SIMBAD references

High-precision millimeter and submillimeter wave measurements were performed on two ¹⁷O isotopically substituted carbon monoxide species, i.e., ¹²C¹⁷O and ¹³C¹⁷O. Covering the frequency region from 100 GHz to 1 THz, the accuracy achievable is estimated to be ±5 kHz in the Doppler-limited mode and ±1 kHz for sub-Doppler-resolution measurements. From a weighted least-squares fit, the following molecular rotational parameters for ¹²C¹⁷O and ¹³C¹⁷O were obtained: for ¹²C¹⁷O,

B₀=56,179.99110(28)MHz, D₀=174.330(6)kHz;

and for ¹³C¹⁷O,

B₀=53,644.7906(29)MHz, D₀=158.918(19)kHz;

in both instances, the H₀values were kept fixed to IR data. The oxygen ¹⁷O nucleus exhibits a sizeable electric nuclear quadrupole moment, which has been measured for both isotopomers, i.e., eQq(¹²C¹⁷O)=4.298(44)MHz and eQq(¹³C¹⁷O)=4.355(182)MHz. The high precision of the Lamb dip measurements allowed us to observe additional small hyperfine effects caused by the magnetic moment of the ¹⁷O nucleus.
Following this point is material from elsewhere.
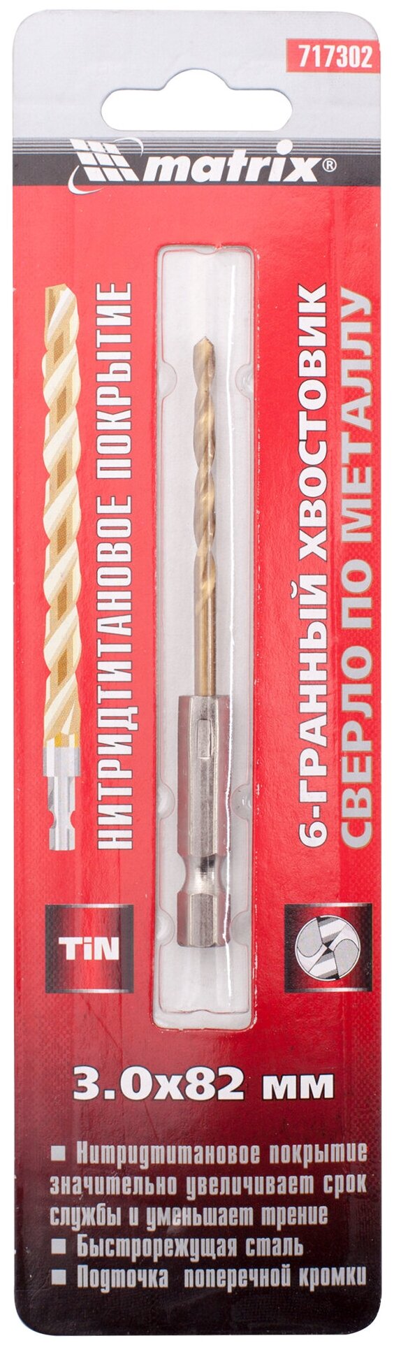 Metal drill HSS-TiN 3х82 mm Matrix 717302 17242305

These precision measurements allowed the determination of the nuclear spin-rotation constant C_I(¹⁷O)=-31.60(72)Hz for ¹²C¹⁷O, solely from the Cologne data set. The highly precise transition frequencies reported here should warrant deep interstellar searches for the two molecules ¹²C¹⁷O and ¹³C¹⁷O. The latter has not been detected in space until very recently. On the basis of our laboratory data, we were able to report the discovery of ¹³C¹⁷O (by Bensch and coworkers) along with the observations of two additionalrare CO isotopomers including ¹²C¹⁷O and ¹²C¹⁸O toward core C of the ρ Ophiucus molecular cloud.